◆ Work instruction
Exact copy, pictures excluded: please retype the lines from the start of the material through the line containing "- The Composite", both ends included, and nothing more.

◆ Material provided
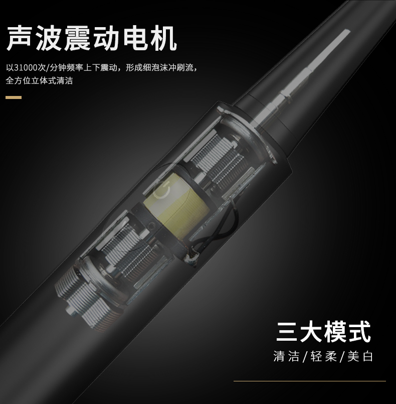 清洁模式,约31000次/分,高频震动产生的流动微气泡,有效清洁顽固牙渍、牙菌斑、牙缝死角;轻柔模式,清洁同时呵护牙釉质,缓解牙龈肿痛,按摩减少牙龈出血;美白模式,约28800-31000次/分就交替震动,有效清洁日常饮食所残留的色素,脉冲式震动,动静结合,显著增加牙齿亮白度。
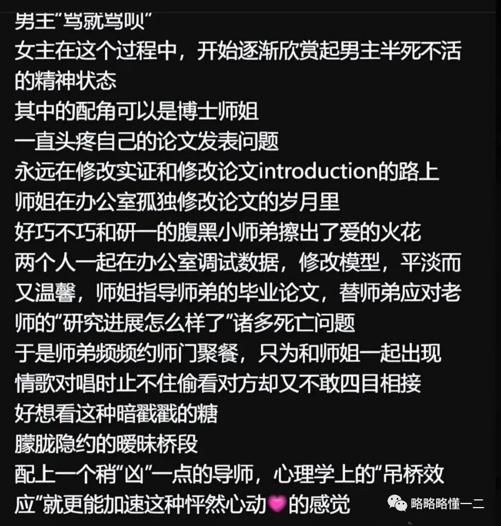 大家可以想象一下都有哪些情节?比如女主被导师分配了高深的课题,查不完的文献,开不完的组会,男主也是同样的命运。
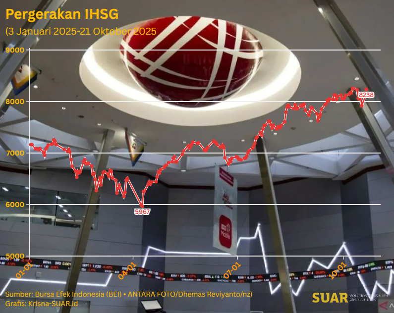 - The Composite Stock Price Index (JCI) had fallen from the psychological point of 8,000. However, now the JCI is back on the rise and is even expected to continue to rise due to a number of positive sentiments. The JCI last week showed a weakening of 2.57% to 7,906 at the close of trading on Friday (17/10/2025). This figure managed to rebound 2.19% to 8,115 at the opening of trading on Monday (20/10/2025) and Tuesday (21/10/2025) closed 1.84% higher at 8,238.08. Regarding this week's trading forecast, both Indri and Alfred said, JCI has the potential to strengthen due to the projected BI Rate cut and the release of important US economic data.
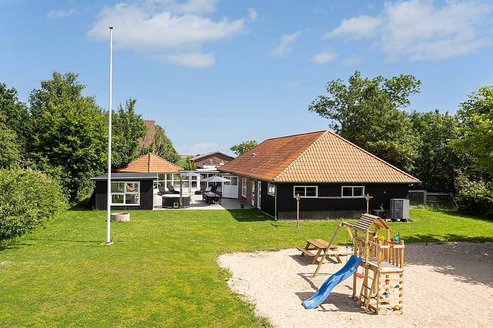 Voormalige boerderij. is geschikt voor 20 personen en 2 kinderen tot 3 jaar. 4 van de slaapplaatsen is alleen geschikt voor grotere kinderen (4-11 jaar). De vakantiewoning heeft een oppervlakte van 380 m2 en is gebouwd in 1997. In 2022 is de vakantiewoning volledig renoveerd. Het is niet toegestaan om huisdieren mee te nemen. De vakantiewoning is uitgerust met energiezuinige lucht-naar-water-warmtepomp. Er is vloerverwarming in de woonkamer. Vloerverwarming in de hal. Vloerverwarming in de gang. De vakantiewoning heft Wasmachine. Vloerverwarming in de woonkamer. Wasdroge. Vriezer capaciteit van 200 liter. Voor de kleintjes 2 stukken Kinderstoel. Verschoningstafel.De vakantiewoning is gelegen op een 4500 m² groot natuural grond. De grond is omheind. Afstand tot de zee 17000 m.Afstand tot de waddenzee 3000 m. Dichtstbijzijnde winkel 4000 m. Bij de vakantiewoning hoort 200 m² terras. Daarnaast is er een 32 m² groot overdekt terras. Schommel. Zandbak. Speeltoren. Glijbaan. Voetbaldoel.Vuurplaats. U kunt buiten een maaltijd bereiden in de buitenkeuken. Barbecue. Het huis heeft een stopcontact voor het opladen van een elektrische auto. Oplaadstekker type 2. Parkeerplaats bij het huis.Het binnenzwembad biedt de gelegenheid om heerlijk te spelen en gezellig samen te zijn. Het zwembad is 3 m breed, 6 m lang en tot 1,35 m diep. Het water heeft een temperatuur tussen de 24 en 28 °C. Er is vloerverwarming in het zwembadgebied.Activiteitenruimte. Biljart. Pooltafe. Dart. Er zijn in totaal 8 slaapkamers. De slaapplaatsen zijn als volgt verdeeld: 16 slaapplaatsen in tweepersoonsbedden. 4 slaapplaatsen in stapelbedden. Verder sijn ook 2 stukken kinderbed ter beschikking.De keuken is uitgerust met 2 koelkasten Er zijn 8 keramische kookplaten, heteluchtoven, magnetron en vaatwasser. Vloerverwarming in de keuken. Er is 3 badkamers met douchehok en 3 toiletten. Er is vloerverwarming in 3 van de badkamers. De infraroodsauna biedt de gelegenheid tot ontspanning.Het binnenbubbelbad (vulwater) biedt ontspanning aan 2 personen.Het buiten hot tub biedt ontspanning aan 5 personen.In de vakantiewoning is aanwezig 2 televisies.2 Smart-tv.Tv via streaming. Radio.1 Bluetooth-speaker. Tenminste 4 deense zenders. 1-3 sweedse zenders. 1-3 noorse zenders. Tenminste 4 duitse zenders. Draadloos internet.

◆ Solution
 清洁模式,约31000次/分,高频震动产生的流动微气泡,有效清洁顽固牙渍、牙菌斑、牙缝死角;轻柔模式,清洁同时呵护牙釉质,缓解牙龈肿痛,按摩减少牙龈出血;美白模式,约28800-31000次/分就交替震动,有效清洁日常饮食所残留的色素,脉冲式震动,动静结合,显著增加牙齿亮白度。
 大家可以想象一下都有哪些情节?比如女主被导师分配了高深的课题,查不完的文献,开不完的组会,男主也是同样的命运。
 - The Composite Stock Price Index (JCI) had fallen from the psychological point of 8,000. However, now the JCI is back on the rise and is even expected to continue to rise due to a number of positive sentiments. The JCI last week showed a weakening of 2.57% to 7,906 at the close of trading on Friday (17/10/2025). This figure managed to rebound 2.19% to 8,115 at the opening of trading on Monday (20/10/2025) and Tuesday (21/10/2025) closed 1.84% higher at 8,238.08. Regarding this week's trading forecast, both Indri and Alfred said, JCI has the potential to strengthen due to the projected BI Rate cut and the release of important US economic data.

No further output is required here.